Whaling Imagery - The Absent Whale
"No whales are captured or slaughtered in the story; on the contrary, after a series of rituals and transformations, two new whalelike animals are created and released into the ocean." (from press release)
The iconic water blow or tail flukes so popularly associated with the whales didn't find their place in the film. The presence of a real live whale would probably invite impassioned identification with the victim of the food chain process documented in the film. The only whale appearing in the entire film is a CGI model in the title sequence. Although blood is shed, ripped apart, the whale swims across the screen steadily, like a spaceship. A stylized torture where the whale doesn't suffer.

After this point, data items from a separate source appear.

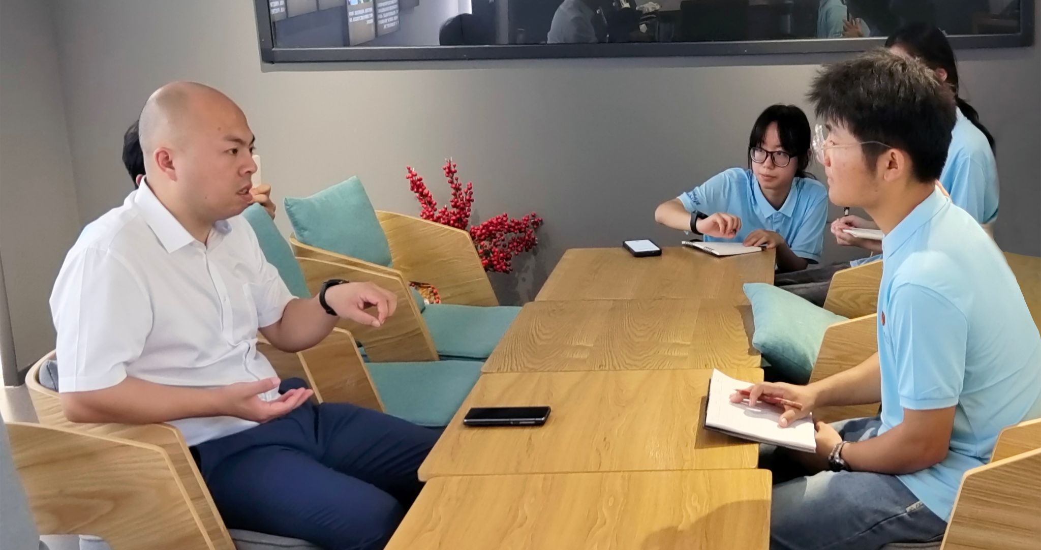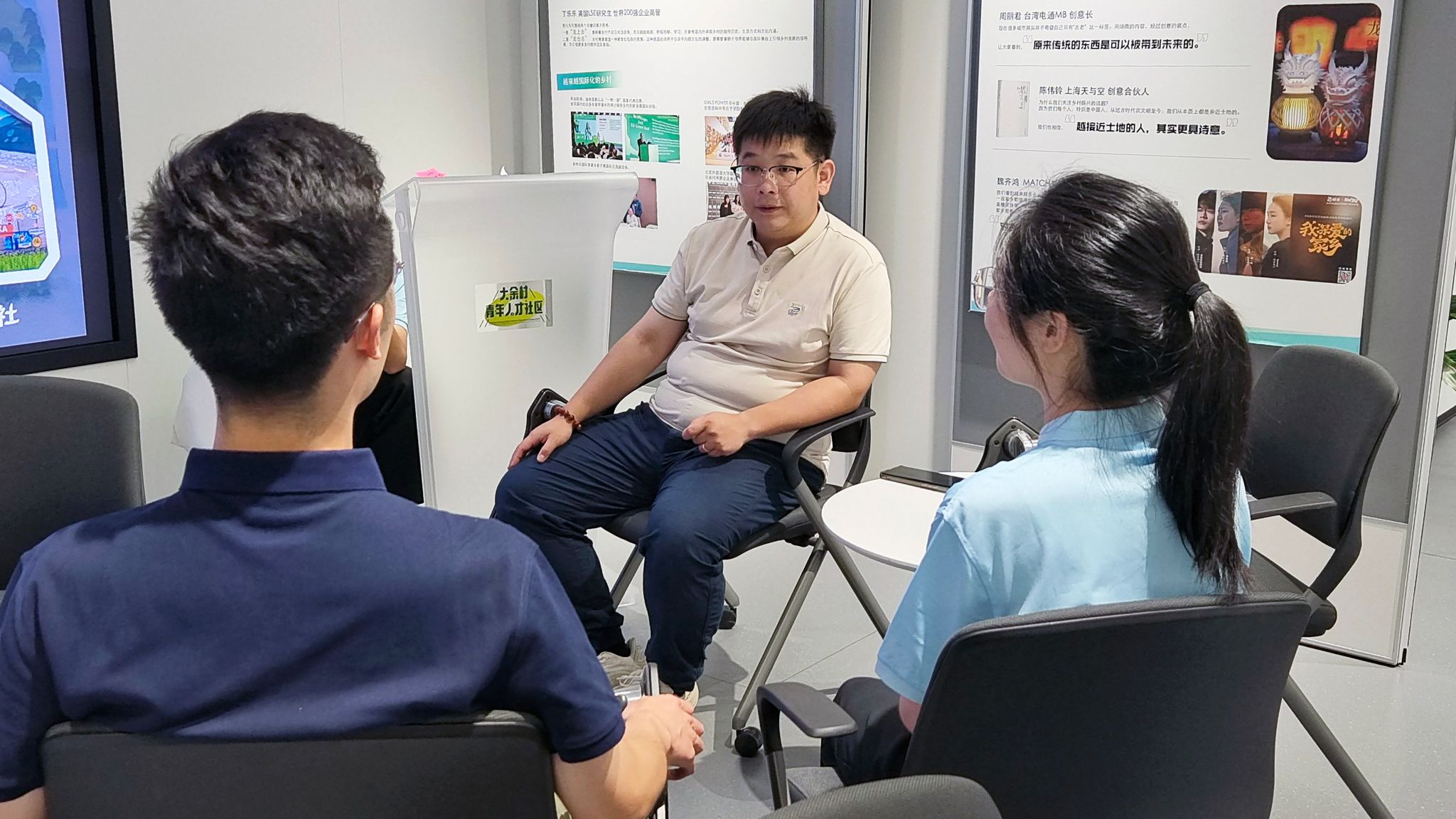 在“两山”理念的指引下,余村是如何发展绿色经济?当地企业如何吸引青年入乡就业创业?团队聚焦数字游民、特色文旅等产业“新赛道”,深入“青来集”人才社区、DN数字游民公社、“美在余村”国漫茶咖、余村印象青年图书馆、文创阁等场所,一路看、一路问、一路学,并对话“青来集”负责人胡海龙、文创阁创始人葛云德以及部分入村青年,了解入乡青年就业创业岗位供给、职业发展具体情况,学习余村拥抱青年、阔步振兴的共富理念。
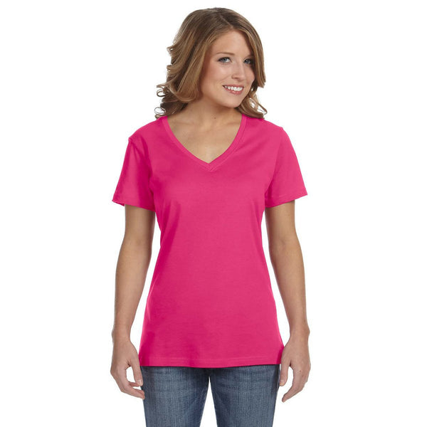 Anvil Women's Hot Pink Ringspun Featherweight V-Neck T-Shirt
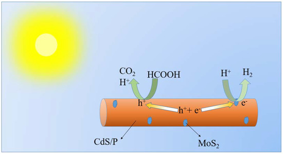 Based on the above results, a reasonable mechanism of photocatalytic H2 evolution by CdS/P/MoS2 in the formic acid solution was summarized. As shown in Scheme 1, photoinduced charges are firstly generated when the photocatalyst receives light radiation. The Schottky energy barrier generated by the interfacial interaction between CdS/P and MoS2 can promote the transfer of the photogenerated electrons from CdS/P to the surface-loaded MoS2 cocatalyst. Photogenic holes remain in CdS/P and migrate to the surface. The combination of MoS2 as a cocatalyst with CdS/P could synergistically reduce the energy barriers of photocatalytic HER and OER, resulting in the reduction in H+ in the formic acid solution by photogenerated electrons in MoS2 to generate H2, while the photogenerated holes are consumed by formic acid. In summary, CdS/P/MoS2 photocatalyst can realize a significant efficiency in the photocatalytic H2 evolution in the formic acid solution.
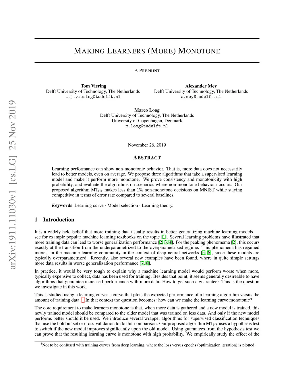 Learning performance can show non-monotonic behavior. That is, more data does not necessarily lead to better models, even on average. We propose three algorithms that take a supervised learning model and make it perform more monotone. We prove consistency and monotonicity with high probability, and evaluate the algorithms on scenarios where non-monotone behaviour occurs. Our proposed algorithm makes less than non-monotone decisions on MNIST while staying competitive in terms of error rate compared to several baselines.
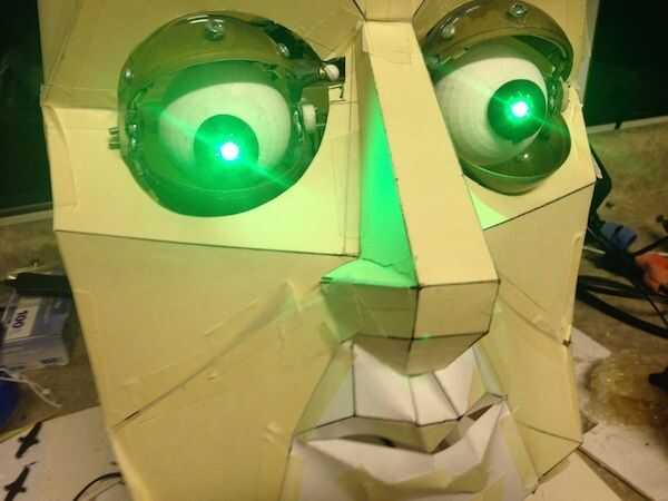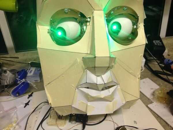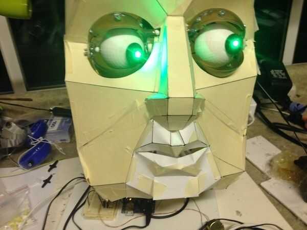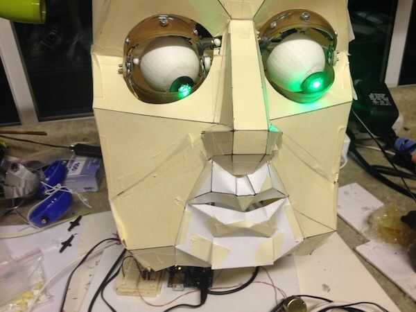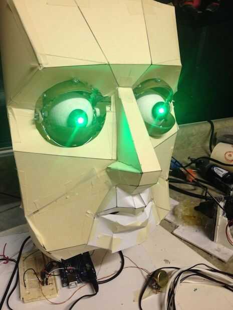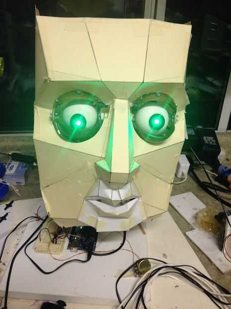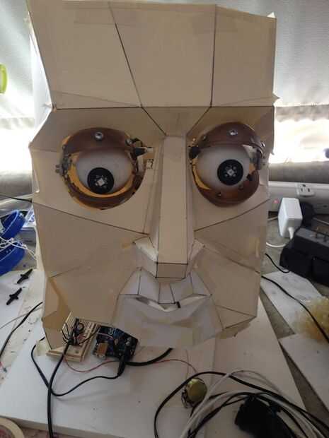 Todavía tenía el programa para usar el Wii Nunchuck, así que moví los ojos para ver si había algún problema con los mecanismos de animatronic del frotamiento contra la cara de la cartulina.
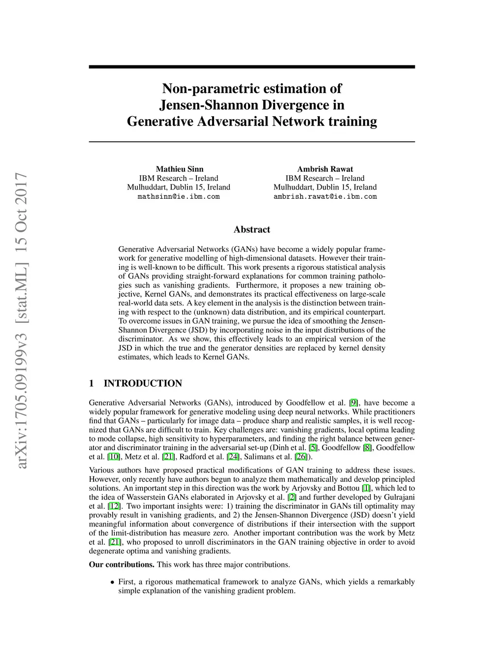 Generative Adversarial Networks (GANs) have become a widely popular framework for generative modelling of high-dimensional datasets. However their training is well-known to be difficult. This work presents a rigorous statistical analysis of GANs providing straight-forward explanations for common training pathologies such as vanishing gradients. Furthermore, it proposes a new training objective, Kernel GANs, and demonstrates its practical effectiveness on large-scale real-world data sets. A key element in the analysis is the distinction between training with respect to the (unknown) data distribution, and its empirical counterpart. To overcome issues in GAN training, we pursue the idea of smoothing the Jensen-Shannon Divergence (JSD) by incorporating noise in the input distributions of the discriminator. As we show, this effectively leads to an empirical version of the JSD in which the true and the generator densities are replaced by kernel density estimates, which leads to Kernel GANs.
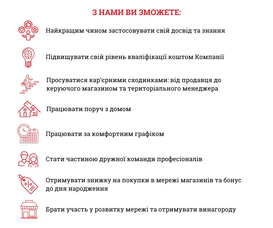 Вакансії в магазинах мережі в містах України: Київ, Біла Церква, Бердичів, Бориспіль, Боярка, Буча, Васильків, Вінниця, Вишневе, Вишгород, Дніпро, Житомир, Звягель, Золотоноша, Кам'янець-Подільський, Канів, Клавдієво-Тарасове, Коломия, Конотоп, Коцюбинське, Кривий Ріг, Луцьк, Львів, Радивилів, Радомишль, Рівне, Переяслав, Тарасівка, Черкаси, Чернігів, Харків, Хмельницький, Фастів:

Barney will describe every step of the ancestral tradition of whaling from hunt, roaming for weeks out at sea, to retrieval of the blubber oil on the factory ship. Only that the entire process is not filmed with real whales and blood, but in a clean abstracted way, each sailor performing a dramatized act as if on a theatrical stage, every professional gesture applied to a symbolic model instead of the animal. And that's why we could speak of an "Avant Garde documentary" of sort. We can sense a de-personification of the whale there, turning it into an object, an idea, a concept. Whale is food. Hunt is a need. Tradition is noble. Such is the surfacing message of this "stylized propaganda commercial" for the Nisshin-Maru, but we'll see the subtlety of a multi-layered meaning later in detail. A latent critique of whaling and a critique of human relationship to natural resources springs from the subtext and this artistic (read : cryptic) posturing.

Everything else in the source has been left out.